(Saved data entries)

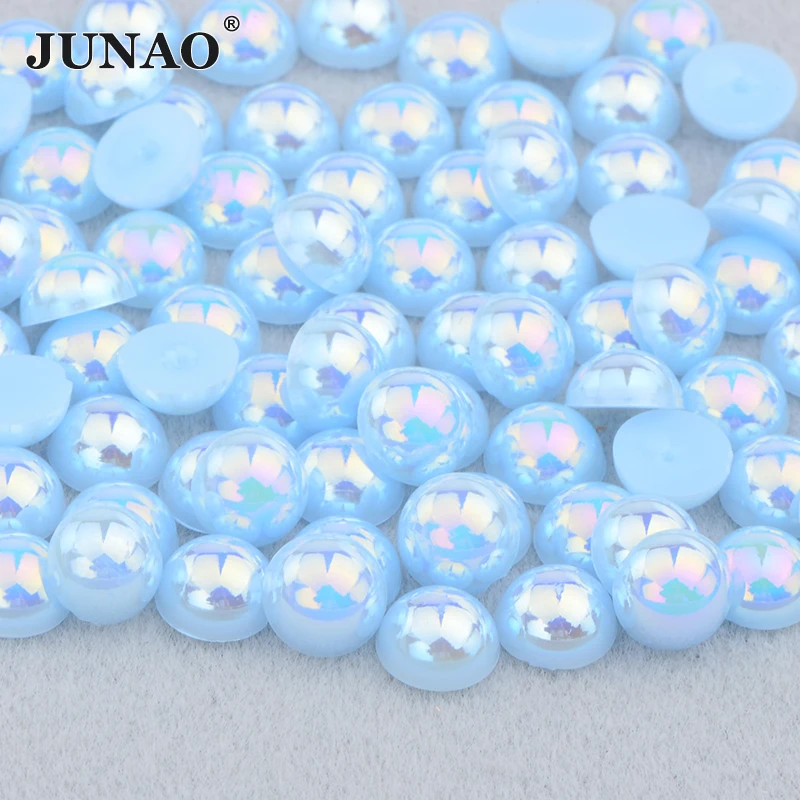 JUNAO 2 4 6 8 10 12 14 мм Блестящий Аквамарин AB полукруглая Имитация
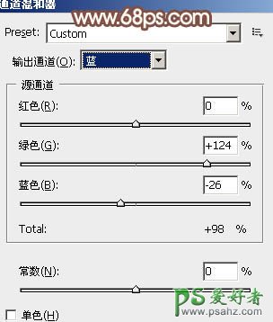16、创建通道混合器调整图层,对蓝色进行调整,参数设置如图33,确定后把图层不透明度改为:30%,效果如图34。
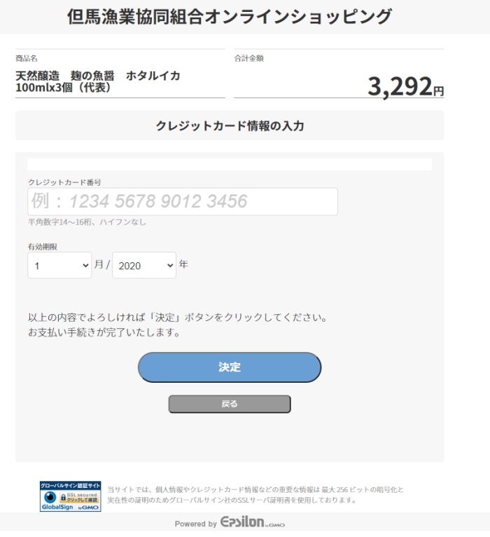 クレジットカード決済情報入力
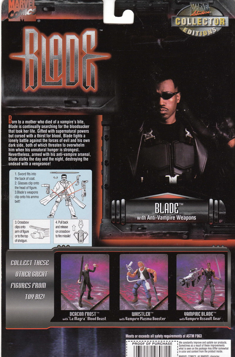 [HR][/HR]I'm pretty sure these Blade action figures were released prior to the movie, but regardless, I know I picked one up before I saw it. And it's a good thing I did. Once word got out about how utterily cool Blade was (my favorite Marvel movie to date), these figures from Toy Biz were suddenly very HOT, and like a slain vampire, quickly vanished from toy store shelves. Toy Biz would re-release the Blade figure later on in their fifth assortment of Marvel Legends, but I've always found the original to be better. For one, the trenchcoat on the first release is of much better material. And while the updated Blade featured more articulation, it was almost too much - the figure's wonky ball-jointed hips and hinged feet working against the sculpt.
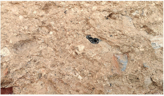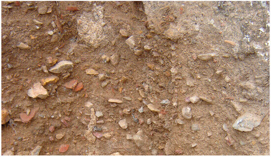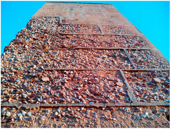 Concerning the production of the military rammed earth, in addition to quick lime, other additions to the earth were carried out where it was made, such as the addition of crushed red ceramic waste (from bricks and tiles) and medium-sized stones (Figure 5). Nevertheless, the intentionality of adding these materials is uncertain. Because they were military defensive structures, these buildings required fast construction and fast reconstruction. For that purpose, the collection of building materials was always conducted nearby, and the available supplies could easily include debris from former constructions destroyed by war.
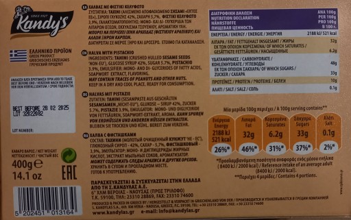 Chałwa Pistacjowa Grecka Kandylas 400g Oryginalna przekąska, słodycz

### What you have to do:
Print the records above verbatim, pictures excluded.

### Written reply:
 JUNAO 2 4 6 8 10 12 14 мм Блестящий Аквамарин AB полукруглая Имитация
16、创建通道混合器调整图层,对蓝色进行调整,参数设置如图33,确定后把图层不透明度改为:30%,效果如图34。
 クレジットカード決済情報入力
 [HR][/HR]I'm pretty sure these Blade action figures were released prior to the movie, but regardless, I know I picked one up before I saw it. And it's a good thing I did. Once word got out about how utterily cool Blade was (my favorite Marvel movie to date), these figures from Toy Biz were suddenly very HOT, and like a slain vampire, quickly vanished from toy store shelves. Toy Biz would re-release the Blade figure later on in their fifth assortment of Marvel Legends, but I've always found the original to be better. For one, the trenchcoat on the first release is of much better material. And while the updated Blade featured more articulation, it was almost too much - the figure's wonky ball-jointed hips and hinged feet working against the sculpt.
 Concerning the production of the military rammed earth, in addition to quick lime, other additions to the earth were carried out where it was made, such as the addition of crushed red ceramic waste (from bricks and tiles) and medium-sized stones (Figure 5). Nevertheless, the intentionality of adding these materials is uncertain. Because they were military defensive structures, these buildings required fast construction and fast reconstruction. For that purpose, the collection of building materials was always conducted nearby, and the available supplies could easily include debris from former constructions destroyed by war.
 Chałwa Pistacjowa Grecka Kandylas 400g Oryginalna przekąska, słodycz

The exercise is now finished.